I would associate angels being INFJ, and since demons are the reverse of that then I would assume demons are ESTP.


----------



## naren (Dec 6, 2017)

narcissistic said:


> Demons are just fallen angels from my understanding.
> I would associate angels being INFJ, and since demons are the reverse of that then I would assume demons are ESTP.


i actualy think you right.actualy yes thats the answer i was struggling with it just clicked,demons are estps,because 1) the highest percentage of crimanals in prisions are estps and istps,and 2)the highest percentage of psychopaths are estps and istps and 3) extroverted sensing lives for plesure,lust and greed...makes perfect sense thank you mate


----------



## Blue Ribbon (Sep 4, 2016)

naren said:


> i actualy think you right.actualy yes thats the answer i was struggling with it just clicked,demons are estps,because 1) the highest percentage of crimanals in prisions are estps and istps,and 2)the highest percentage of psychopaths are estps and istps and 3) extroverted sensing lives for plesure,lust and greed...makes perfect sense thank you mate


Where do you get the statistics?


----------



## naren (Dec 6, 2017)

Blue Ribbon said:


> Where do you get the statistics?


google.i cant remember excatly tho.it was some time back i read it


----------



## Reila (Jan 17, 2017)

narcissistic said:


> Demons are just fallen angels from my understanding.
> I would associate angels being INFJ, and since demons are the reverse of that then I would assume demons are ESTP.


I would say angels, conceptually speaking (?) could be ENFJ as well. Depends on the kind of angel. Something (someone?) like Metatron, I would type differently, but then again, this is not relevant as Metatron isn't a fallen angel.

Also, you changed your borderline pornographic avatar, how nice of you.


----------



## Coburn (Sep 3, 2010)

Well, Sam was part demon and later Dean went full demon, and one is INFJ, the other ESTJ (or ESTP depending on plot demands). So I think it's safe to say the demon world may be more balanced than we think.


----------



## Stevester (Feb 28, 2016)

A very unhealthy TP type. Detached unemphatic, selfish but uses lower Fe to manipulate its targets, luring them into false but tempting promises.
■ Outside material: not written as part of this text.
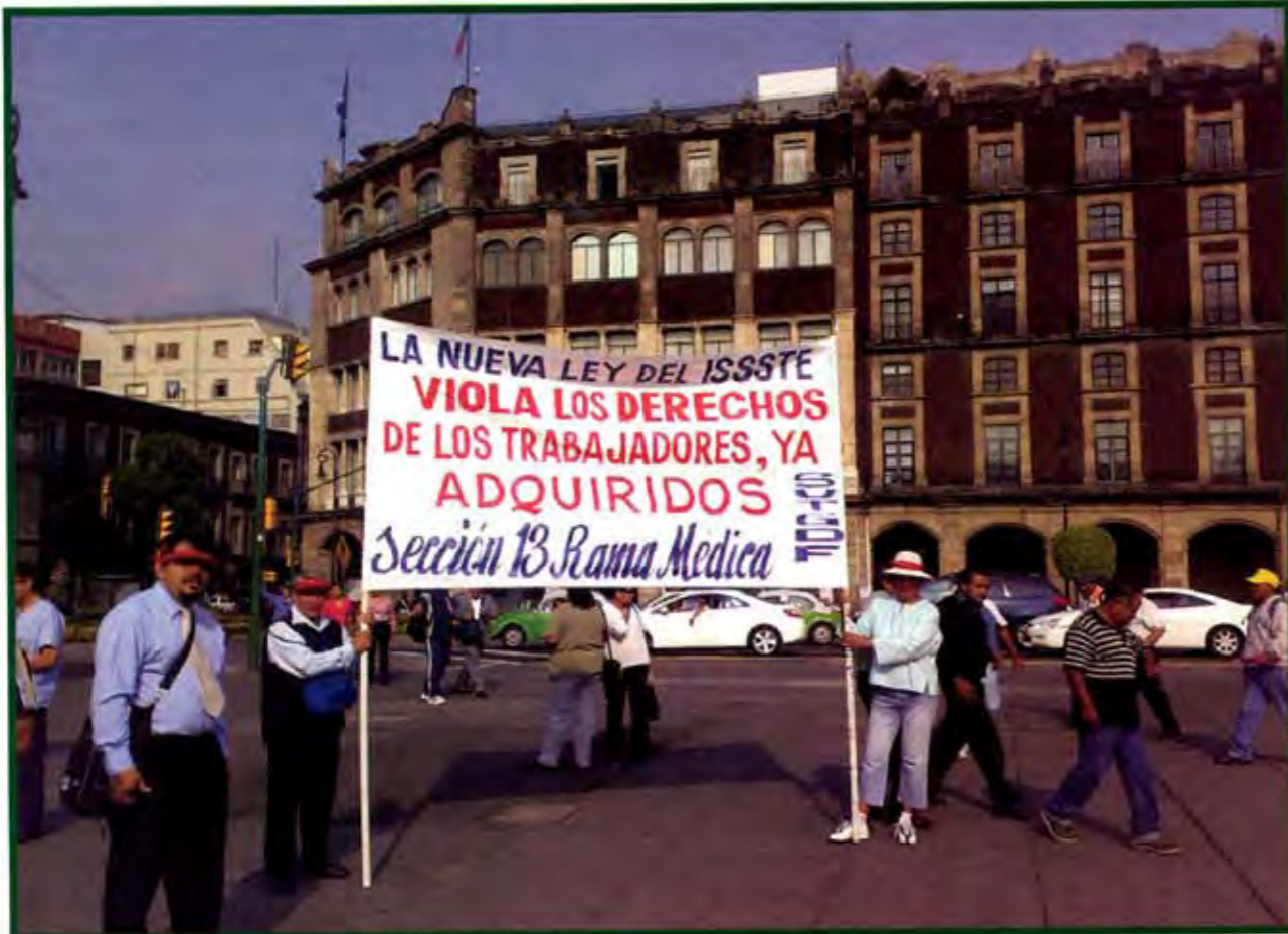
Nuevas leyes barren las ventajas de las antiguas.

una nueva Constitución. La Constitución no cojea, quien cojea es la propia autoridad, el Ministerio Público (MP). Y ¿por qué no lo hace? Porque el MP obedece a las autoridades que violan esa norma y eso es lo que crea la impunidad, de manera que es un círculo vicioso bastante complicado”, afirma el Doctor Barragán, quien agrega que la Constitución está completa en el sentido de que sus textos están en vigor reformados o no, pero que están completamente desactualizados. “La sociedad mexicana requiere de nuevas reglas, que esos excesos de autoridad efectivamente sean castigados conforme a un sistema que sea eficaz y que no se convierta en un Estado de impunidad como el que ahorita tenemos”, y que golpea a los más pobres. b

I believe most real-life sociopaths are messed up TP types, so it works.


----------



## Valtire (Jan 1, 2014)

naren said:


> 2)intuitive oviously a spirit doesnt think like a human,but a spirit is definitly intuitive and can understand things in far more detail than our human minds can,hence he would be intuitive


As opposed to those simple-minded sensers, eh?



naren said:


> i actualy think you right.actualy yes thats the answer i was struggling with it just clicked,demons are estps,because 1) the highest percentage of crimanals in prisions are estps and istps,and 2)the highest percentage of psychopaths are estps and istps and 3) extroverted sensing lives for plesure,lust and greed...makes perfect sense thank you mate


Oh and naturally we should always paint sensers as criminals and psychopaths too.

And of course, you type as intuitive because you can't possibly be simple minded or a psychopath. What a lovely guy /s



Stevester said:


> A very unhealthy TP type. Detached unemphatic, selfish but uses lower Fe to manipulate its targets, luring them into false but tempting promises.
> 
> I believe most real-life sociopaths are messed up TP types, so it works.


Why can't a feeler be a selfish manipulator? The typical psychopath is actually very empathetic... on the outside.


----------



## Arzazar Szubrasznikarazar (Apr 9, 2015)

I think any type can be demonic.



Stevester said:


> A very unhealthy TP type. Detached unemphatic, selfish but uses lower Fe to manipulate its targets, luring them into false but tempting promises.
> 
> I believe most real-life sociopaths are messed up TP types, so it works.


I suspect sociopaths will always appear to be TPs, though. It doesn't mean they are.

I encountered an article about an ENFP sociopath and basically, while he was generally good natured, he'd exhibit extreme risk-taking behavior and would often trick/convince others into participating in it (I guess like Ne gone out of control and not held back by fear and anxiety).



AZH said:


> Oh and naturally we should always paint sensers as criminals and psychopaths too.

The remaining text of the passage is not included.